After an hour, Jacob Fastbinder III was allowed in to see his father, who was not in a meeting at all. “How was your reading?” asked Jacob Fastbinder II.

“Dry as stale bread,” his son complained. “The only amusement I received from it was finding important gaps in the history. For example, there was another World War. A second one, after the first one. It was in the forties, I believe, and my understanding is that Germany played a part.”

His father was not amused. “You are a smartmouthed punk.”

“I’m exaggerating, of course. There’s a whole quarter of a chapter devoted to the Second World War, but not one use of the word ‘Nazi’. Quite skillful of the author.”

“And necessary. But did you learn anything new, Jacob?”

For an answer, the younger Fastbinder sneered and dropped the book with a thump on the oak-and-glass table in front of his father’s overstuffed sofa, then dropped himself in the sofa. “What’s this about.

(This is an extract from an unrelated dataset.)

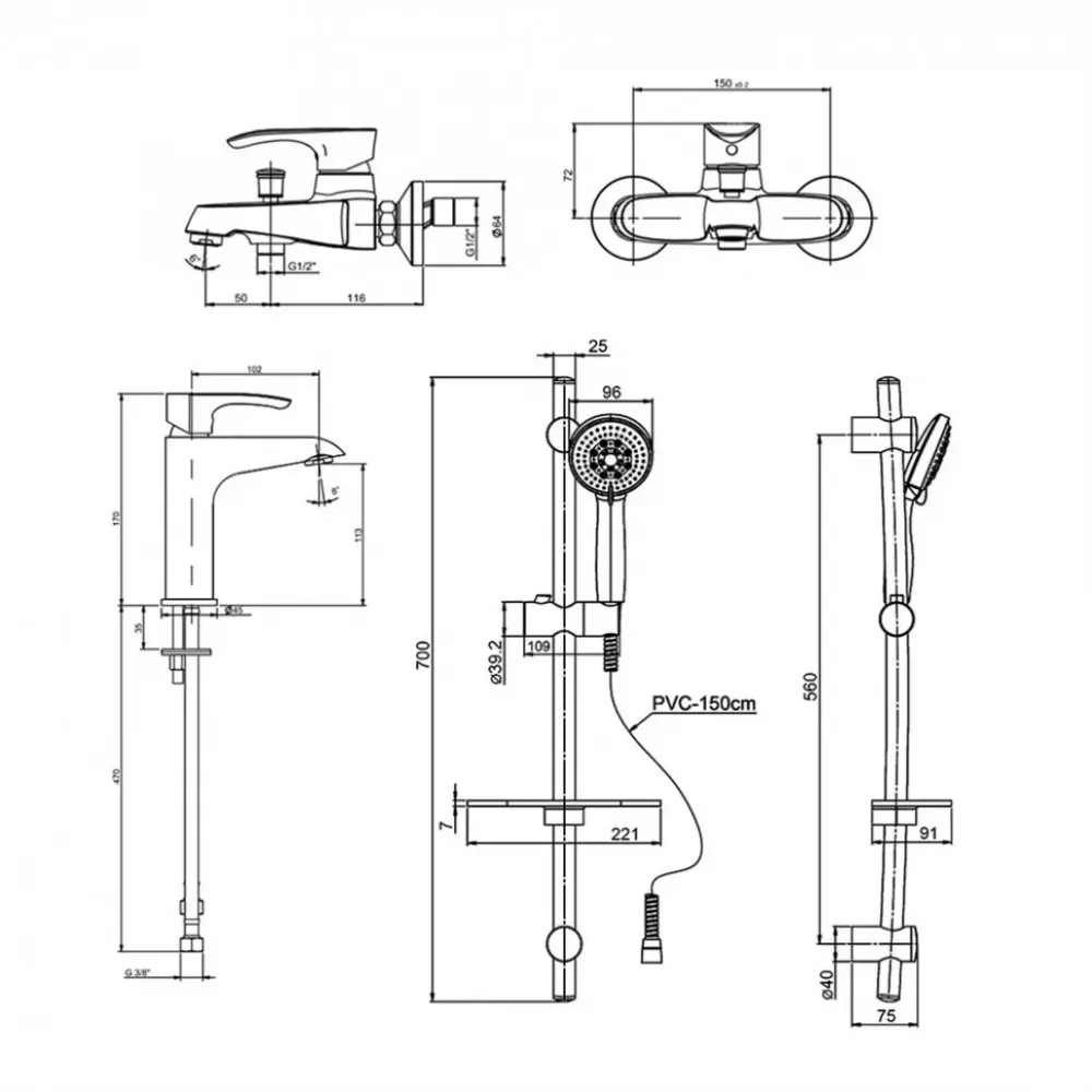 В комплект входит смеситель для раковины (за счет высоты чуть выше средней может отлично размещаться на раковины различных размеров), смеситель для ванны и регулируемый по высоте стальной душевой гарнитур с 5-ти режимной лейкой и полочкой.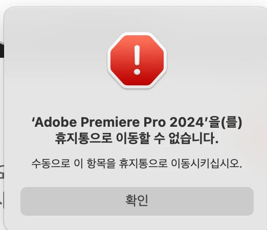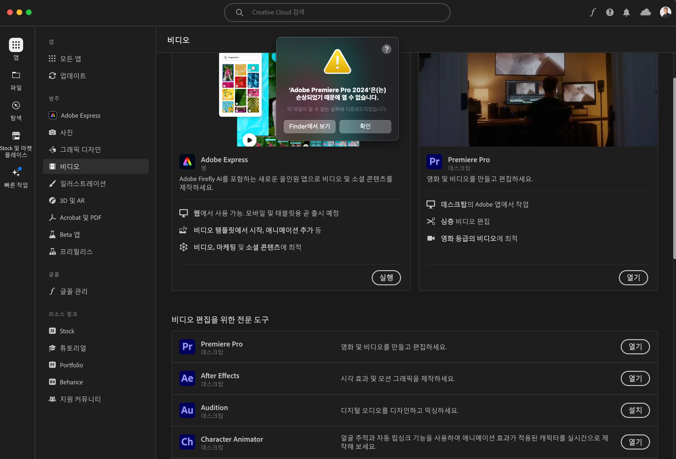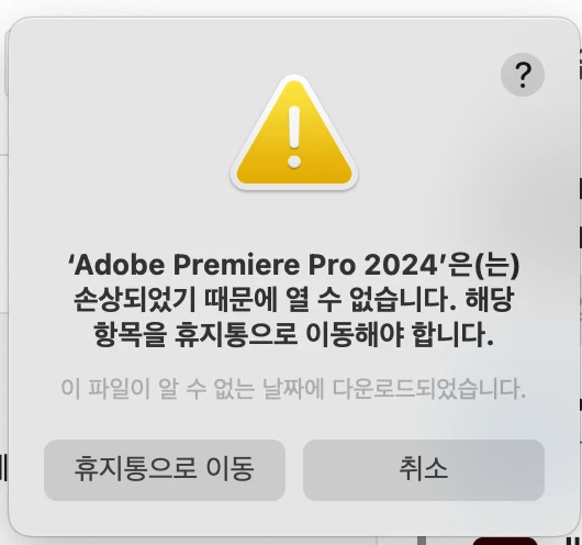 올올레풍경2ParticipantForum|Forum|2 years agoNovember 23, 2023Question프리미어프로 2024버전 실행오류Forum|Forum|2 years agoNovember 23, 20231 reply846 views칩 Apple M1 Max메모리 32GBmacOS Sonoma 14.1.1 Mac Studio에서 Premiere Pro 2024버전을 설치했는데 'Adobe Premiere Pro 2024(은)'는 손상되었기 때문에 열 수 없습니다.라는 메시지가 뜨면서 실행이 되질 않네요.프리퍼런스도 지워보고다시 지웠다가 설치해 봤는데도 똑같은 증상입니다. 혹시 해결방법이 없을까요?

Father.”

“History.”

“I mean, this meeting,” the younger Fastbinder said.

“So do I.” His father turned, clasped his hands behind his back and began to pace the office somberly. “We are here to discuss history, and your place in it.”

“I hope I never become one of the lifeless slugs who fill the pages of that piece of trash.”

The elder Fastbinder nodded as he walked. “Nor do I. But that is not the true and complete history of this company, as you observed, Jacob. There is more to the story.”

“Yes. Nazis, for example.”

“There is more than that. More than even you know. More than I knew until I was a grown man.” He stopped and glared from under his lowered brows at his one and only son. “The Fastbinder patriarchy has its secrets.”

The younger Fastbinder was interested now, but tried not to show it. “Such as?”

His father resumed pacing. “I have been weighing this decision, whether it is time to tell you about all this. You are not yet ready for this knowledge. You have an immature disposition, a recklessness, a disregard for propriety. But I am forced into this by certain unforeseen events.”